DATA AND CODE AVAILABILITY:
The codes are accessible at GitHub.
Data accessibility is not smooth. I see that the data could be downloaded through FTP, but it didn’t work for me. The download possibility needs improvement or information on using the download site is needed.
TABLES:
Table 2: is it possible to give a general variable name for “Sentinel2B2/B3/B4/8/9” under the description column?
Table 3: do you mean that it is the result of cross-validation in the case of CSDLv2 and performance of the other maps (CSDLv1, SoilGrids 2.0, HWSD 2.0) on the dataset used to train and test the CSDLv2 predictions? Please revise the title to increase clarity. Add number of samples considered for the validation in a separate column.
FIGURES:
Fig. 2: revise left bottom corner based on advice for L114-115, and reedit the figure of “Other soil datasets”, its pattern might not be the same as that of the “Variable maps”. Direction of arrow on the left might go from “points of the soil profiles” to “Compare and evaluate”.
Fig. 4: the caption does not include information on DEM and land use map. Please add them.
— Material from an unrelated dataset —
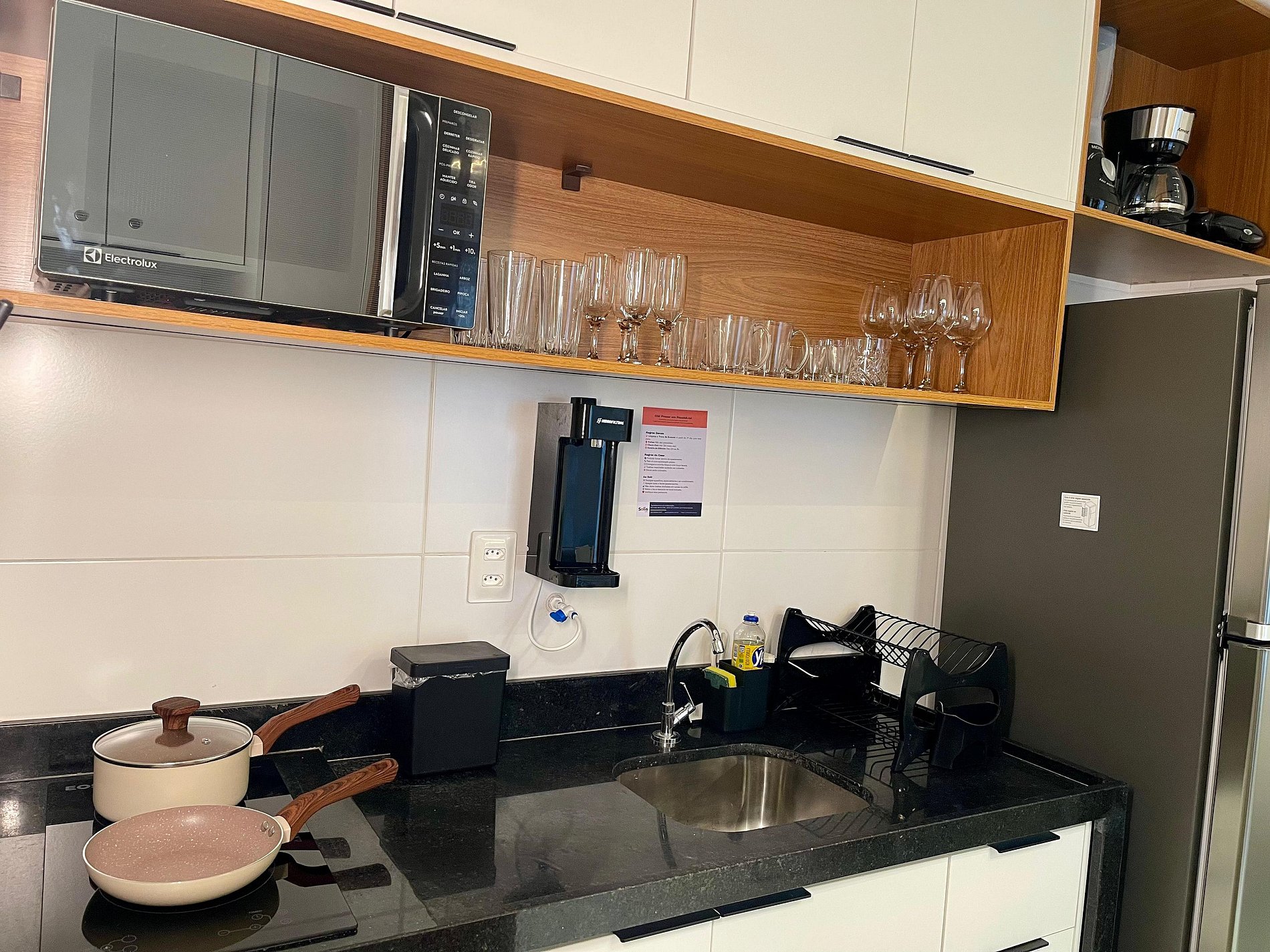 A cozinha inclui geladeira, filtro de água, micro-ondas, cafeteira, liquidificador, sanduicheira e utensílios para preparar refeições rápidas com toda comodidade.

Fig. 5: the labels are not visible. Please consider to show the maps in two or three figures, to increase visibility and readability. Please find a logic to put the maps into two or three groups, than you do not have to fit all 23 maps to one page (one figure), but to two or three figures. Please add unit of the soil properties and add “content” where needed, e.g.: sand, silt, and clay content, etc.
Fig. 6: please increase size of the letters on the plot, it is difficult to read.
Fig. 7: please:
- increase size of the letters on the plot, it is difficult to read,
- add R2 – for both maps – and 1:1 line to b), d) and f) plots to better see the comparison,
- use the same min and max values on x and y axis by soil properties, e.g.: 0 and 30 % for OC, 0 and 100 % for sand, 0 and 80 % for clay.
SUPPLEMENTARY MATERIAL:
Fig. S2-S24: please increase size of the letters in the legend. Present version is difficult to read.
Fig. S2, S7, S8-13 : using the word “content” is not appropriate, please revise these captions. Fig. S8-13 needs some further clarification on the meaning of R, G, B, should be easy to understand without reading the manuscript.
Fig. S14-15: I thought there are more variety in the colour of the soil. Do you have only 6 different colour? Or did you decrease/aggregate the possible colours?
Fig. S19-24: write out nitrogen, potassium, phosphorus before the brackets, instead of writing only N, K, and P.
Fig. S2-25: please add unit in the caption of the figure.
Fig. S25: … of the soil organic carbon (OC) and soil pH …
Fig. S26: please increase size of the letters on the plot, it is difficult to read.
Table S4: do you mean that it is the result of cross-validation in the case of CSDLv2 and performance of the other maps (CSDLv1, SoilGrids 2.0, HWSD 2.0) on the dataset used to train and test the CSDLv2 predictions? Please revise the title to increase clarity. Add number of samples considered for the validation in a separate column.
Fig. S26: please add that the top 15 most important variables are shown.